This afternoon was filled with fiberglass and short-strand filler! I decided to pop off the canopy and start work on fiberglassing the steel frame to the outer shell.
I had figured that this would be mainly some fiberglass matt and resin work to just wrap the steel to the outer shell but unfortunately found out that approach wasn’t going to work out so well.
I soon realized that the matt wanted to push up off of the steel no matter how much resin I applied to it. This resulted in air gaps between the matt and the steel bars.
I’ll have to cut those air gaps away and make sure that the steel is embedded properly. After this happened it made me look around the rest of the canopy where I started to realize that there were going to be lots of these air gaps because of the sharp contours of the window frames and the raised bars.

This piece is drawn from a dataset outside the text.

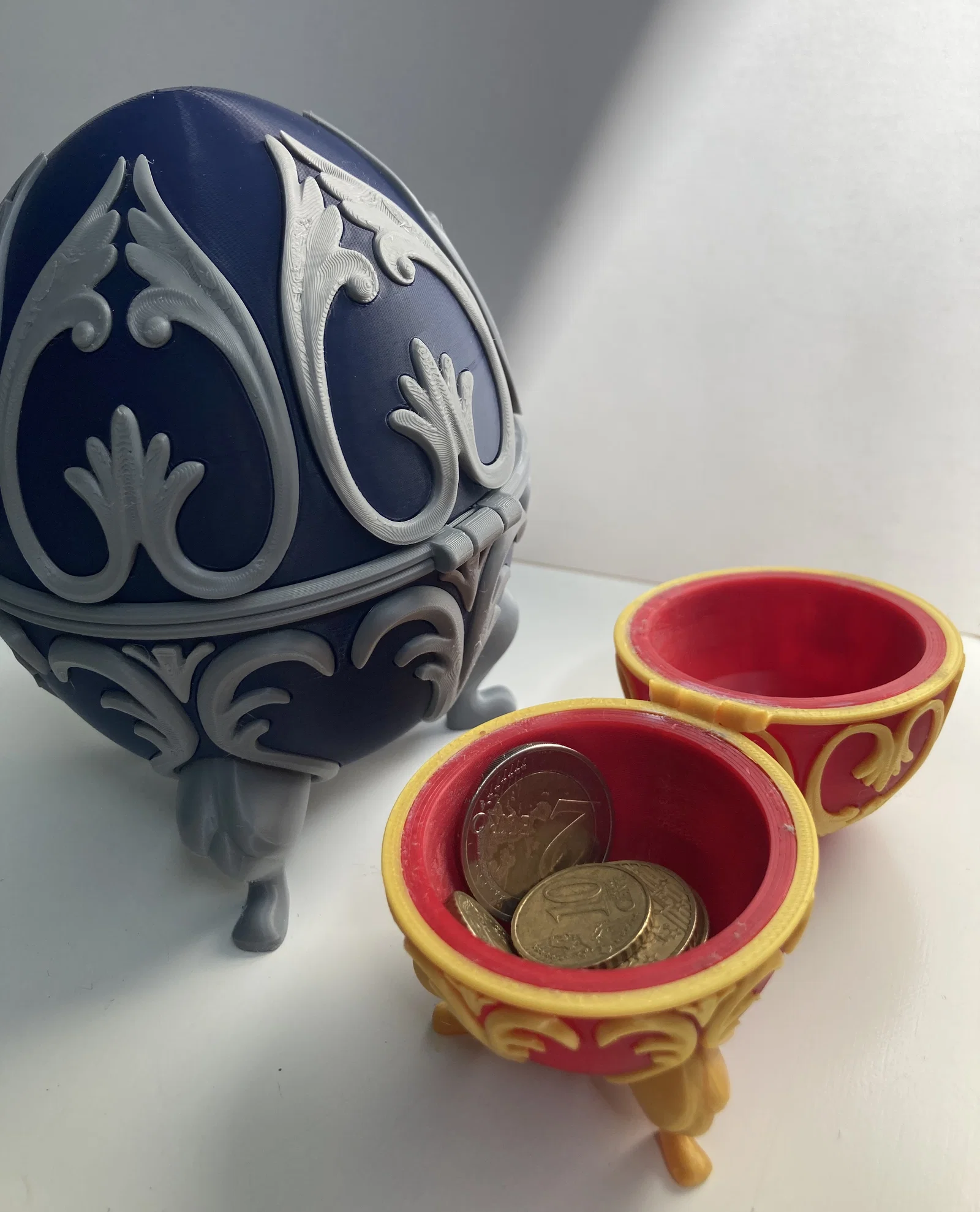 Mẫu trứng lấy cảm hứng từ các Faberge egg cổ điển, rất hợp để đựng quà vặt dịp Easter. Có tuỳ chọn scale 60% cho bản nhỏ, Part O-2 cần supports, và có bản hinge dùng filament để ghép.

So I decided to bust out the short-strand filler to fill in these gaps in order to give more of a flat surface for laying the fiberglass matt. For those who don’t know what short-strand is, it is basically a bunch of body filler with short strands of fiberglass mixed in. This gives a much stronger mixture than just a pure body filler.

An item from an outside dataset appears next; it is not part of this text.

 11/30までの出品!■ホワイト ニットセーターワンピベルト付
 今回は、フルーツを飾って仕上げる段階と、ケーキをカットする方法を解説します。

After all the gaps were filled I used a file to knock down the high spots and also where it gooped onto the face of the window frame. This will give me a good flat surface for tomorrow to lay down some matt and resin to seal in the frame to the shell.
The only trouble with this extra support is that it makes the canopy heavier. I can still carry it around no problem and lift it up and set it in place on the top of the car, but I’m trying to make sure I don’t make it too heavy. I’ll also have to look at possibly beefing up the two rear canopy wheel arms so that they don’t flex under the weight.
During the breaks when the filler was curing I reassembled the speaker box fronts and bolted the canopy sliders back onto the cabin walls.
I’m “hoping” to get the fiberglass work on the canopy finished tomorrow. Not the final smooth finish, but at least the structural work.